Режим они свято соблюдали, но жизнь превратилась в пытку. Ребенка пытали голодом. Себя – бессонными ночами.
Бедный Мика всю ночь тряс на руках страдающее дитя. А утром – на работу.
Через десять лет родилась вторая дочь. Ее кормили каждый час, и днем и ночью. Никакого режима. Но все равно – тюрьма. Маленькие живут за счет взрослых, выжирают из них все соки. Мака не сдавалась. Ее основные интересы были вне семьи. Она купила кусок земли и строила дом.
Девочки ходили в школу. Мака не знала, как они учатся. Мика знал. Он покупал учебники, проверял уроки.
Дни лениво тянулись один за другим, и вдруг неожиданно – дети выросли. Молодость проскочила.
Было непонятно: как из таких долгих одиноких дней складывается такая короткая жизнь…
Мака построила дом. Продала и построила другой, с учетом прежних ошибок.
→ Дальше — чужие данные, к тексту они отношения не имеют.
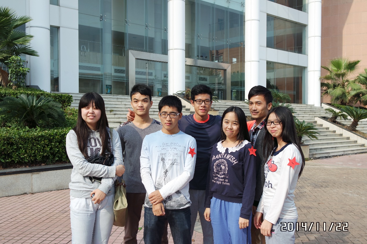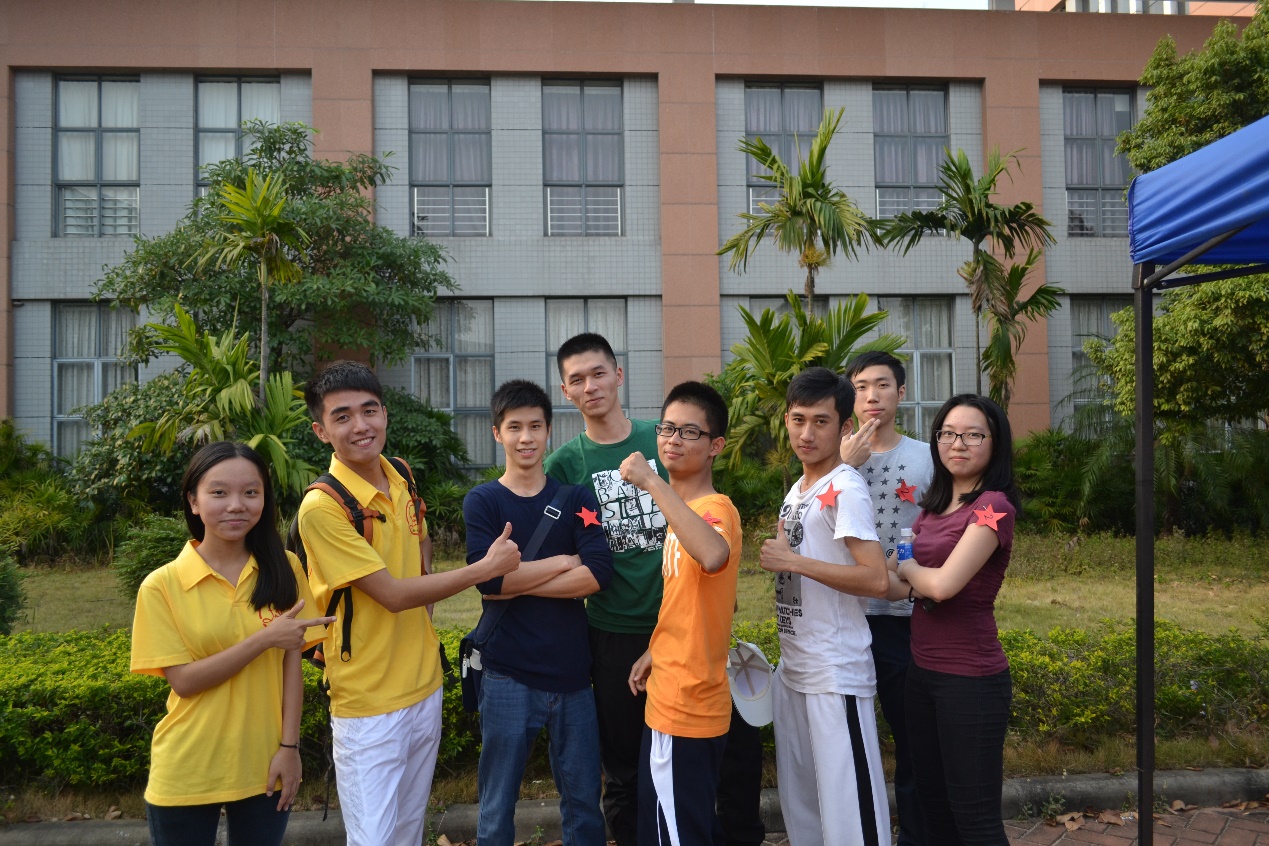 12级金融第二员工党支部抵达终点后合照留念,参赛代表露出淡淡的笑容,尽显他们的默契。队员们左肩的红星十分耀眼,象征他们充满正能量。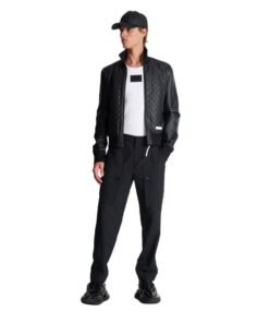 Constructed from premium materials, the jacket exudes luxury and durability. The outer shell boasts a sleek, lustrous finish, enhancing its visual appeal and lending a touch of sophistication to any ensemble. Its tailored silhouette strikes a harmonious balance between structure and comfort, ensuring a flattering fit that accentuates the wearer’s physique.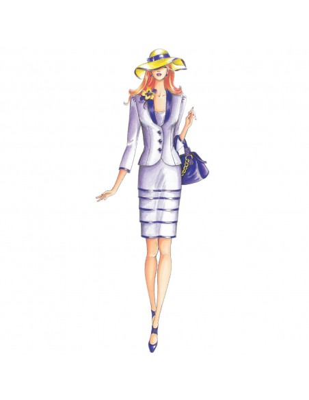 This form-fitting jacket has shawl collar and sleeves gathered at the shoulders. Suggested fabric: shantung, cotton satin or piquet with satin trim.

И вдруг – увлеклась. Ей нравилось строить.
Выяснилось, что ее бабка Ульяна тоже строила дома у себя в городе Лисичанске. Гены передались. Мака стала строить дома на заказ, не такие, как Ульяна, хатки-мазанки. Она строила по английским и голландским проектам, большие и не очень большие, кирпичные и штукатуренные, с мягкой современной крышей, которая не ржавеет и не гниет.
Заказов становилось все больше. Мака организовала свою фирму. У нее была своя бригада. Она собирала ее по человеку, как дирижер собирает виртуозов в свой оркестр.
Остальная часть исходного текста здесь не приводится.